Изменить стиль страницы

Снова донеслись голоса, и Хожиняк огорчился. Видимо, Гончар шел не один. Против обыкновения, он взял с собой кого-то. Если их только двое, то ничего. А если больше? Теперь Хожиняк пожалел, что не засел ближе к Паленчицам, где начинались болота, на которых он знал все тропинки и переходы. А здесь некуда спрятаться. Позади, за полосой разросшихся кустов, начинался редкий лесок, удобный на случай внезапного бегства, если на тропинке останется одинокий труп и некому будет преследовать; но он не спасет, если с Гончаром идет несколько человек. А их наверняка несколько. Зазвучал знакомый смех, и осадник снова стиснул зубы от прилива ненависти.

«Смейся, смейся, недолго тебе смеяться». Стиснув зубы, водил пальцем по затвору винтовки.

Голоса раздались совсем близко. Осадник напряженно ждал. Наконец, под розовой веткой, грациозно перебросившейся через тропинку, зажелтел платочек. Осадник выругался про себя. Впереди шла женщина. Он узнал Параску.

— Это ничего, — пробормотал он. — Параска помешать не может.

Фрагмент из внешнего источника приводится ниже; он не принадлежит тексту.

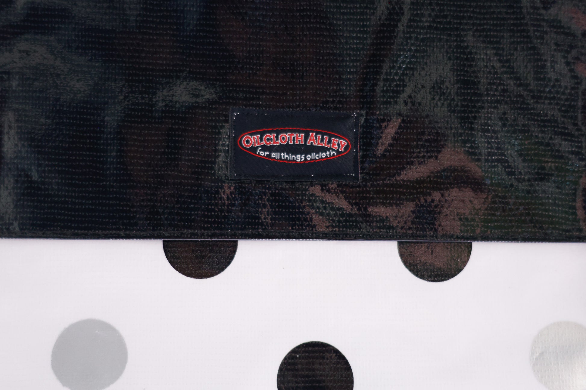 Our oilcloth lunch bags are so cute and convenient, you'll never want to use a paper bag again! They wipe clean with a damp cloth, making messy lunch bags a thing of the past. You'll be the envy of the lunchroom! This style has Black and Silver Confetti with an accent of Black Oilcloth.

Зацепившись юбкой, женщина нагнулась, чтобы освободить ее от шипов ежевичного куста. Вслед за ней на тропинке появился… Руки Хожиняка дрогнули. Нет, это был не Гончар. Серая шинель, звезда на фуражке — но это другой. На поясе желтая кожаная кобура пистолета.

Палец Хожиняка потянулся было к курку. В конце концов не все ли равно? Тот ли, другой ли — все-таки одним из них, одной красной звездой меньше.

Но из-за чащи раздались новые голоса. Теперь вышел Гончар. В руках у него была золотистая ветка, он вертел ее, безмятежно насвистывая. Вплотную за ним шел Семен.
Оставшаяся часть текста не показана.